## [Assigned task]
The task for the listing below is to write out exactly the lines starting at the one containing "Эта плата магнитная, автоматически" and ending at the one containing "Robe d’été fille", both included. Pictures are to be omitted.

## [Supplied data]
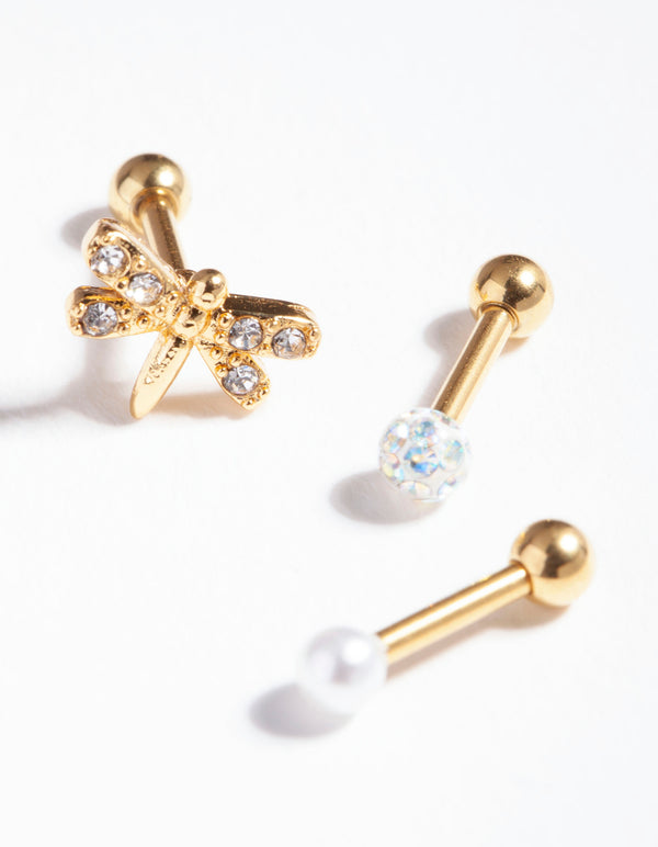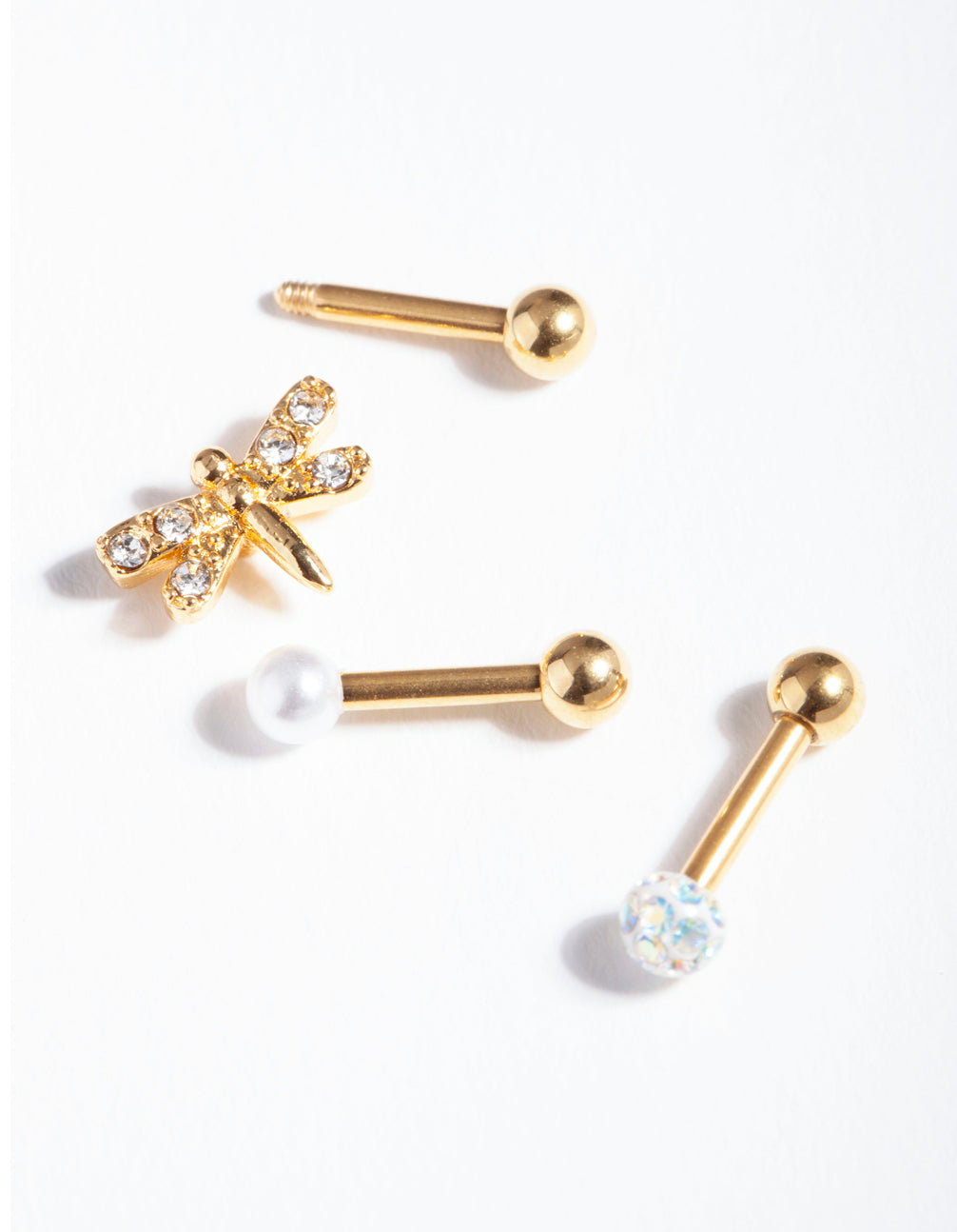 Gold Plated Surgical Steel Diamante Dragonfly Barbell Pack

* * *

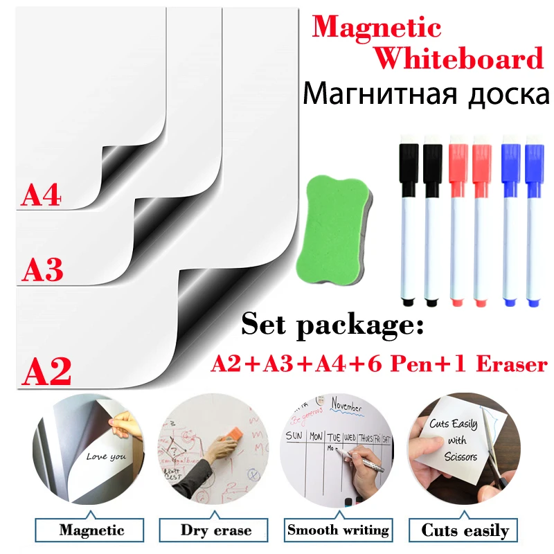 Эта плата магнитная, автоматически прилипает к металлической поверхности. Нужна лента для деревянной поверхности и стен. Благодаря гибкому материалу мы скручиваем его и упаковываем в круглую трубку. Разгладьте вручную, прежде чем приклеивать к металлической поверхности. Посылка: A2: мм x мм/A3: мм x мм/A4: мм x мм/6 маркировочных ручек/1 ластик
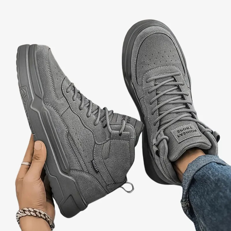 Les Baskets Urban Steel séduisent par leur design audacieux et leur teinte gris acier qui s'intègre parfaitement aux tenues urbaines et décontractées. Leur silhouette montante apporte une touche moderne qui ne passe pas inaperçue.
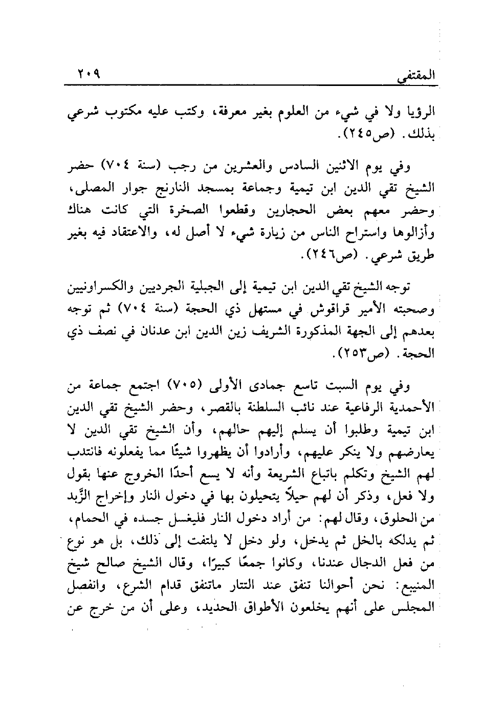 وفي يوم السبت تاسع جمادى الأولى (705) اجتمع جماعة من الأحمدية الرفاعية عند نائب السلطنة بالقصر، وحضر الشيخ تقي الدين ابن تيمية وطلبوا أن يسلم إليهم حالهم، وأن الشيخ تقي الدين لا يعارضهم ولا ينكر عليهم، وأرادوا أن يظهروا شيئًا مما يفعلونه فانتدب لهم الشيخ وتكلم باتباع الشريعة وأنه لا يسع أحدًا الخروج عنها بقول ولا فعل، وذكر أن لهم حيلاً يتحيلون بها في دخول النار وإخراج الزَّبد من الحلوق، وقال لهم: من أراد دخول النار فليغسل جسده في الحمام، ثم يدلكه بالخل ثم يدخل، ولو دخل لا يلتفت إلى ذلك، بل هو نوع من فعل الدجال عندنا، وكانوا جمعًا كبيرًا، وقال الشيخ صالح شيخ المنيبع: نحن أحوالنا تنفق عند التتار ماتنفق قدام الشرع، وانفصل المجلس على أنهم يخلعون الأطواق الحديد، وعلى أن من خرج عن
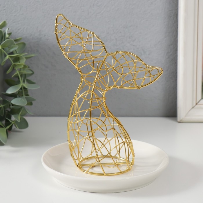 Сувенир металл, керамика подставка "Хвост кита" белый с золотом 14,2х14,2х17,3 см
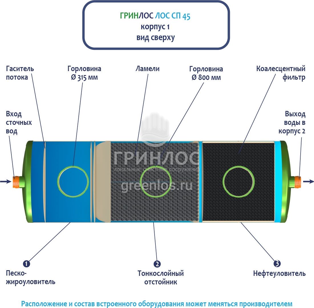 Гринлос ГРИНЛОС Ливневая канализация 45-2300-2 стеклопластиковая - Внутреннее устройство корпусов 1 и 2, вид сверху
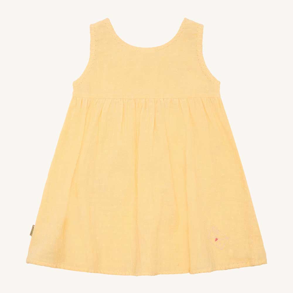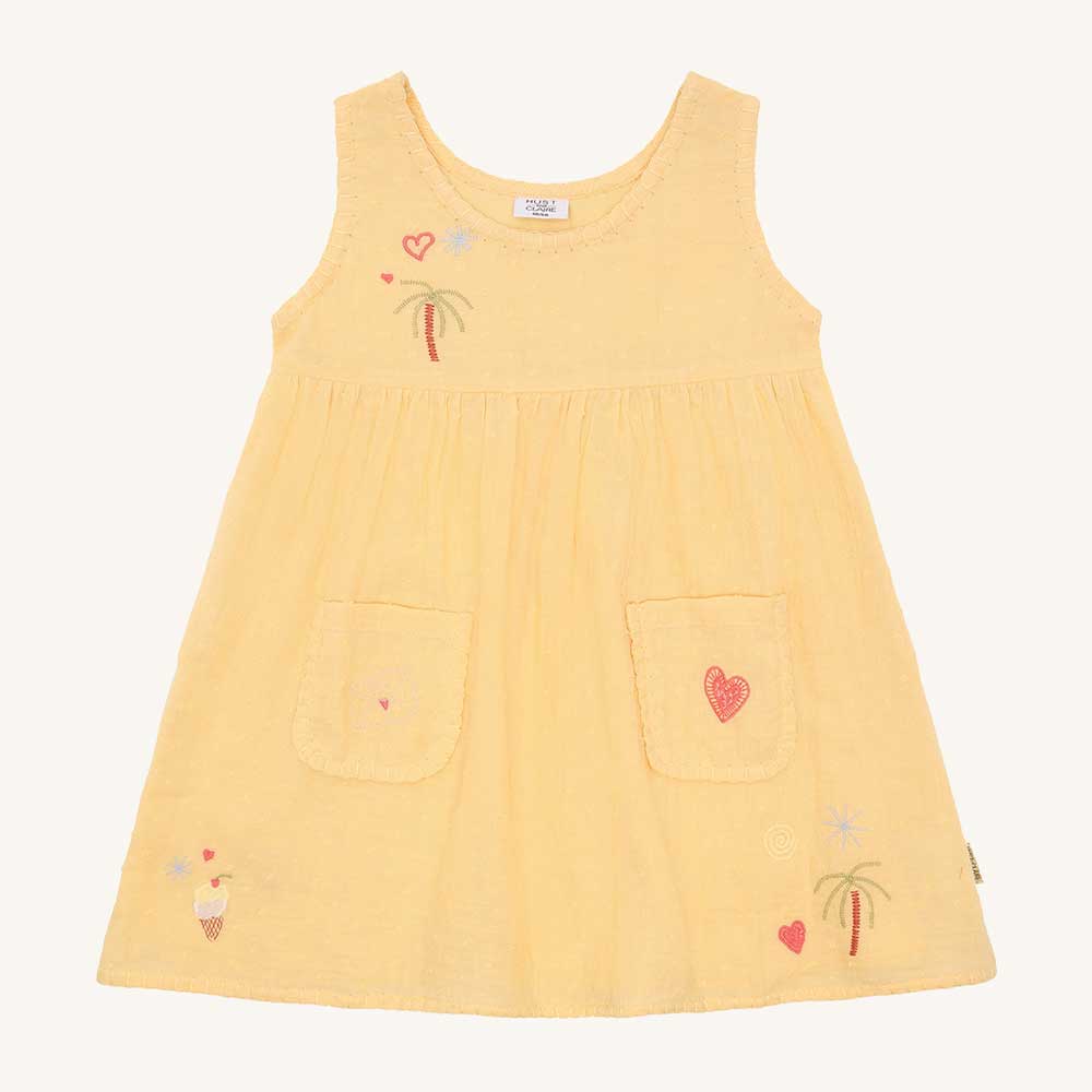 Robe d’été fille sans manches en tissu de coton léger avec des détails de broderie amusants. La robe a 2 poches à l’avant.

* * *

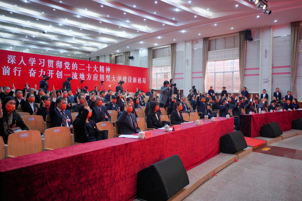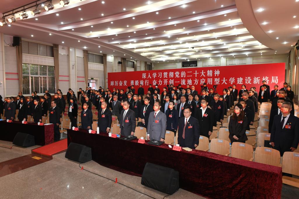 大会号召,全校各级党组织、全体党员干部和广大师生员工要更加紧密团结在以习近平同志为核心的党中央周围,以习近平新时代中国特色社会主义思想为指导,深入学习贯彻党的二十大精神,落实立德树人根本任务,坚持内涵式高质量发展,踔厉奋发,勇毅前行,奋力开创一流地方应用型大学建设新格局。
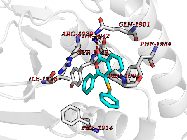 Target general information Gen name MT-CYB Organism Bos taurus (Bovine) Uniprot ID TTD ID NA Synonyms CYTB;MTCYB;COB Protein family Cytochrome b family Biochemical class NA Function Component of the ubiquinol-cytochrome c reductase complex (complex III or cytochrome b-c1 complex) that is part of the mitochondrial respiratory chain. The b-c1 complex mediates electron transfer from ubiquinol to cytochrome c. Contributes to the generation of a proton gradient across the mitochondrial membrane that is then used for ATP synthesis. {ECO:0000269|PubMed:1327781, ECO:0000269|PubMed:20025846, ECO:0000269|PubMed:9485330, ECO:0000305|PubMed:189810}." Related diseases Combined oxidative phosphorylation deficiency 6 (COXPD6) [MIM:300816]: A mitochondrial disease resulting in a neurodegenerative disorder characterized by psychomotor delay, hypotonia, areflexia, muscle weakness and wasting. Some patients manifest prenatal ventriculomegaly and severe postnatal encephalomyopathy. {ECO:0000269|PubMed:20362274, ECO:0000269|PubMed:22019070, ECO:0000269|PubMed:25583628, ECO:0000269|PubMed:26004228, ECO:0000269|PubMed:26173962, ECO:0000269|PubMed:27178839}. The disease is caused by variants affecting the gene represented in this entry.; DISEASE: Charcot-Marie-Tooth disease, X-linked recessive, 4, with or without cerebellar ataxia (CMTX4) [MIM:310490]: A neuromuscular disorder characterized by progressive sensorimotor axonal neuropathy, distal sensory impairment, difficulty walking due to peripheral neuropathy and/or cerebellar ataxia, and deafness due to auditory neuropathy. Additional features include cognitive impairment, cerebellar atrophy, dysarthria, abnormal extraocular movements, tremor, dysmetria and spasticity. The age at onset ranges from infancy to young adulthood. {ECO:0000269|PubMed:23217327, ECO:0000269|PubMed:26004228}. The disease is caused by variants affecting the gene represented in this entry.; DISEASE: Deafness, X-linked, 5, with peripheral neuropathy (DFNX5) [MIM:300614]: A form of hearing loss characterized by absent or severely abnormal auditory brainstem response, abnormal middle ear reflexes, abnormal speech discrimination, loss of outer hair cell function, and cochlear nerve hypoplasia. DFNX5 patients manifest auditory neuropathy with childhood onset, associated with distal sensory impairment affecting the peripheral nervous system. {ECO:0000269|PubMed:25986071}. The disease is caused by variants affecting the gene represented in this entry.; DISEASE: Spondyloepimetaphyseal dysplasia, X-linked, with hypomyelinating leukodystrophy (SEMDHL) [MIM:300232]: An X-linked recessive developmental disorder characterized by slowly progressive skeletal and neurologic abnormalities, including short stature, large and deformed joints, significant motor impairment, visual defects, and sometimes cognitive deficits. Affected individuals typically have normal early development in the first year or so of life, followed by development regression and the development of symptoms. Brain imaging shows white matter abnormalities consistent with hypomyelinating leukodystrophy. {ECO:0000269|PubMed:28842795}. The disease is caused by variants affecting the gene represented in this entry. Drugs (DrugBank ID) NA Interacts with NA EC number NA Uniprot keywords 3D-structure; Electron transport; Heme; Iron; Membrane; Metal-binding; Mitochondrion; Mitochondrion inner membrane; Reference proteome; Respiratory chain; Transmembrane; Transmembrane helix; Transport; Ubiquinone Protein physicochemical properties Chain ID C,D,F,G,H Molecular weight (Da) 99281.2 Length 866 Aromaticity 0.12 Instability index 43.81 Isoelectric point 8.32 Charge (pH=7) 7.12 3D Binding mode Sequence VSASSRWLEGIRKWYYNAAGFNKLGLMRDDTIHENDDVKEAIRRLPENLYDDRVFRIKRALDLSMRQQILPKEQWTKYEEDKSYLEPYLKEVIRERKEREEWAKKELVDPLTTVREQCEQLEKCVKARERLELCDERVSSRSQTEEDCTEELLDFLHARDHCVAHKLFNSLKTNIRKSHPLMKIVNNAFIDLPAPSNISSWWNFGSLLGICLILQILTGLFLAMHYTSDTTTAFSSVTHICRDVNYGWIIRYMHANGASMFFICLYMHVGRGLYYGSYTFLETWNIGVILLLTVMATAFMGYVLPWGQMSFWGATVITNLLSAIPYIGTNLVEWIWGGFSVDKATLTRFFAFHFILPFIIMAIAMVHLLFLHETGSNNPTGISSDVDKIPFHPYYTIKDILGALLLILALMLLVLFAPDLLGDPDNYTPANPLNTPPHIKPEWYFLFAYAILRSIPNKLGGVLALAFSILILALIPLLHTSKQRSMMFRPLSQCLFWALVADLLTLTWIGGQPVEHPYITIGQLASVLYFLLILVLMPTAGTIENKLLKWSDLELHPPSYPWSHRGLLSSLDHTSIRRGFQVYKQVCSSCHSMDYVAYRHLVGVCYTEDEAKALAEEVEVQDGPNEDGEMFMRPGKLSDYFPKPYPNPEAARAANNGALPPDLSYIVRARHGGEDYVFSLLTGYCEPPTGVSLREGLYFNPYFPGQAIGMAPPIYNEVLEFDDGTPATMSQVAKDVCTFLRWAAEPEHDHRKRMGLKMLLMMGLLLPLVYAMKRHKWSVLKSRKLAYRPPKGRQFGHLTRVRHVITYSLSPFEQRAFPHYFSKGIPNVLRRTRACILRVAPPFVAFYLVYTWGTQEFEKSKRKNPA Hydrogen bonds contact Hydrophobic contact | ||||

## [Response area]
 Эта плата магнитная, автоматически прилипает к металлической поверхности. Нужна лента для деревянной поверхности и стен. Благодаря гибкому материалу мы скручиваем его и упаковываем в круглую трубку. Разгладьте вручную, прежде чем приклеивать к металлической поверхности. Посылка: A2: мм x мм/A3: мм x мм/A4: мм x мм/6 маркировочных ручек/1 ластик
 Les Baskets Urban Steel séduisent par leur design audacieux et leur teinte gris acier qui s'intègre parfaitement aux tenues urbaines et décontractées. Leur silhouette montante apporte une touche moderne qui ne passe pas inaperçue.
 وفي يوم السبت تاسع جمادى الأولى (705) اجتمع جماعة من الأحمدية الرفاعية عند نائب السلطنة بالقصر، وحضر الشيخ تقي الدين ابن تيمية وطلبوا أن يسلم إليهم حالهم، وأن الشيخ تقي الدين لا يعارضهم ولا ينكر عليهم، وأرادوا أن يظهروا شيئًا مما يفعلونه فانتدب لهم الشيخ وتكلم باتباع الشريعة وأنه لا يسع أحدًا الخروج عنها بقول ولا فعل، وذكر أن لهم حيلاً يتحيلون بها في دخول النار وإخراج الزَّبد من الحلوق، وقال لهم: من أراد دخول النار فليغسل جسده في الحمام، ثم يدلكه بالخل ثم يدخل، ولو دخل لا يلتفت إلى ذلك، بل هو نوع من فعل الدجال عندنا، وكانوا جمعًا كبيرًا، وقال الشيخ صالح شيخ المنيبع: نحن أحوالنا تنفق عند التتار ماتنفق قدام الشرع، وانفصل المجلس على أنهم يخلعون الأطواق الحديد، وعلى أن من خرج عن
 Сувенир металл, керамика подставка "Хвост кита" белый с золотом 14,2х14,2х17,3 см
 Гринлос ГРИНЛОС Ливневая канализация 45-2300-2 стеклопластиковая - Внутреннее устройство корпусов 1 и 2, вид сверху
 Robe d’été fille sans manches en tissu de coton léger avec des détails de broderie amusants. La robe a 2 poches à l’avant.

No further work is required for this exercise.